Bastille had been having the same dream every night since she
encountered the dark presence beneath the conservatory grotto. She was down in
the Catacombs again, standing beside those great metal machines as stacks of
paper fluttered behind her in some unseen wind, black and wet with mold. The
face was looking out at her through the porthole window, its gaze so compelling
it held her in place. Its eyes pierced her like knives, seeing through to her
most vulnerable parts. She was terrified, yet she did not want to leave. She
couldn’t break away, yet the feeling of being so exposed—so
known
—aroused
her like a drug. She looked into those eyes and couldn’t turn away. Or maybe
she didn’t want to.
She had been locked in that dream for what felt like hours
when a knock on her bedchamber door jolted her awake. When she sat up, a steel
ball rolled through her skull and crashed into her forehead. She was still so
tired it felt like she’d only managed a few moments of sleep. The headache tore
into her as she stood and shuffled to the door.
Brother Eustis’s bulbous nose and dimpled cheeks flushed when
he saw Sister Bastille in her underclothes. Her headaches made her
absent-minded sometimes, but she’d forgotten all about putting her robes on.
She shied away behind the door, grunting with embarrassment.
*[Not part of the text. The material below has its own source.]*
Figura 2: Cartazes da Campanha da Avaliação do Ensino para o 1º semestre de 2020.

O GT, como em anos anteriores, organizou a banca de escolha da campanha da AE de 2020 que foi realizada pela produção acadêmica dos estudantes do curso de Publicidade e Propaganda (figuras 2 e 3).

It was as though
she’d woken from one bad dream only to find herself in another.
“Apologies, kind Sister,” said Brother Eustis, averting his
eyes. “The Fathers are preparing to escort the initiates in through the gates.
Sister Gallica asked me to come fetch you out to the west yard for the
welcoming ceremony.”
“Tell her I’ll be there shortly.” She shut the door in his
face, sat on the bed, and clutched her head in her hands. Her temples were
pounding. Sleep usually alleviated her headaches, but today her short nap had
only succeeding in bringing one on. There was no time to worry about how she
felt.
Donning her ceremonial robes, Bastille ran a brush through
her hair, tied it back, and lifted her hood. Her feet were unsteady beneath her
as she walked the empty halls, the steel ball still rolling around inside her
skull. The absence of others told her she must be very late indeed.